The only other categorical variable in this dataset is the description of the food items, so I will do another plot with numerical variables
ggplot(food_dataset_clean, aes(x = data_major_minerals_iron, y = data_major_minerals_calcium)) +
geom_col(aes(fill = data_protein)) +
scale_fill_viridis_c(name = "Amount of Water(mL)") +
scale_x_continuous(name = "Grams of Iron", limits = c(0, 0.25)) +
scale_y_continuous(name = "Grams of Calcium", limits = c(0, 150))
In Figure 2, I limited the foods I examined to those who had less than or equal to 0.25 grams of iron Because most of the observations for grams of iron appeared to be below 1, I decided to limit my scale to make the graph more readable. On the x-axis, there is grams of iron and on the y-axis, there is grams of calcium. The color fill of the bars shows the amount of water(g) in each food corresponding to a particular color. Looking at the graph, the foods that had less than 0.25g of iron seems to also all have a lot of calcium (many reaching almost 150g of calcium). Therefore, there might be a positive association between calcium and iron levels, However, since this data is limited to foods with iron levels below 0.25g, it would be difficult to make that association for the entirety of the data. Most of the food items also appear to have low amounts of water (shown by purple fill color).
<- food_dataset_clean |>
milkorcheese filter(category == "Milk" | category == "Cheese" | category == "Beef" | category == "Fish")
ggplot(milkorcheese, aes(X = data_fiber, y = category)) +
geom_bar(fill = "steelblue") +
labs(y = "Category of Food", x = "Total Grams of Fiber in a Food Group")
In the bar graph above, Figure 3, I decided to limit the categories of food I was interested in to Fish, Cheese, Beef, and Milk. On the y axis, I plotted the category of food. On the x axis, I plotted the total grams of fiber found in each food group. By looking at the graph, I can see that the data which belongs to the food category “beef” has the most amount of total fiber while the category “fish” has the least. From this graph, we may be able to hypothesize that beef, on average, has more fiber than fish, cheese, or milk. However, we would need to see how many n values are in each category to see if there were simply more observations of the beef category that resulted in a higher fiber total.
This data is from the United States Department of Agriculture’s Food Composition Database.
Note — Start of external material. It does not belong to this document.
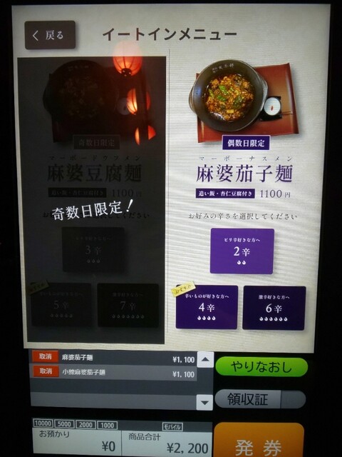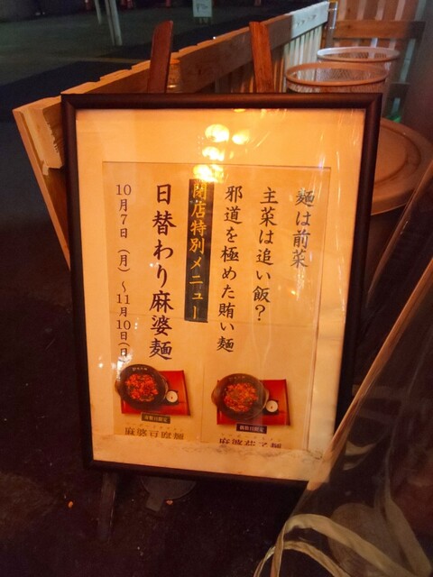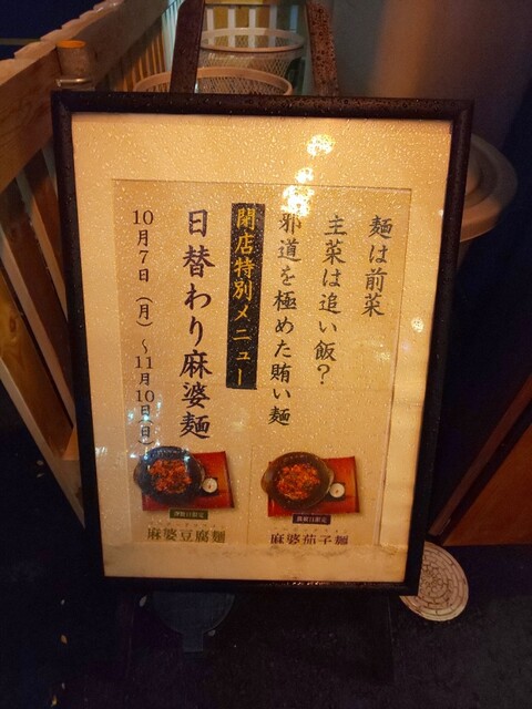 なお、奇数日は麻婆豆腐麺、偶数日は麻婆茄子麺と日替わりになっています。

This data set contains a large amount of data concerning the nutrition value for lots of foods, serving the purpose of quick and easy access for people with dietary restrictions. This data can have many uses. Like mentioned previously, people with dietary restrictions can quickly access information on foods and food companies. This data, joined with other data sets, can help researchers find the types of nutrition food deserts fail to provide to the people living in them (Reynolds, Block, and Bradley 2018) Lastly, this database can be used by grocery store owners to sort and evenly buy produce to stock the shelves in their store. Some harm that it can cause is to the food companies themselves. Consumers may not know of certain nutritional aspects in their food, and use the newfound information from the data to sue big food companies.
This data can potentially be used for future SDS 100 classes. In lab 9, when learning how to create tables, we ordered fruits. I think it would be interesting to see how many kinds of tables and plots you can create from the data. The exercise can be to add some nutritional data about the fruits and/or other produce to the table.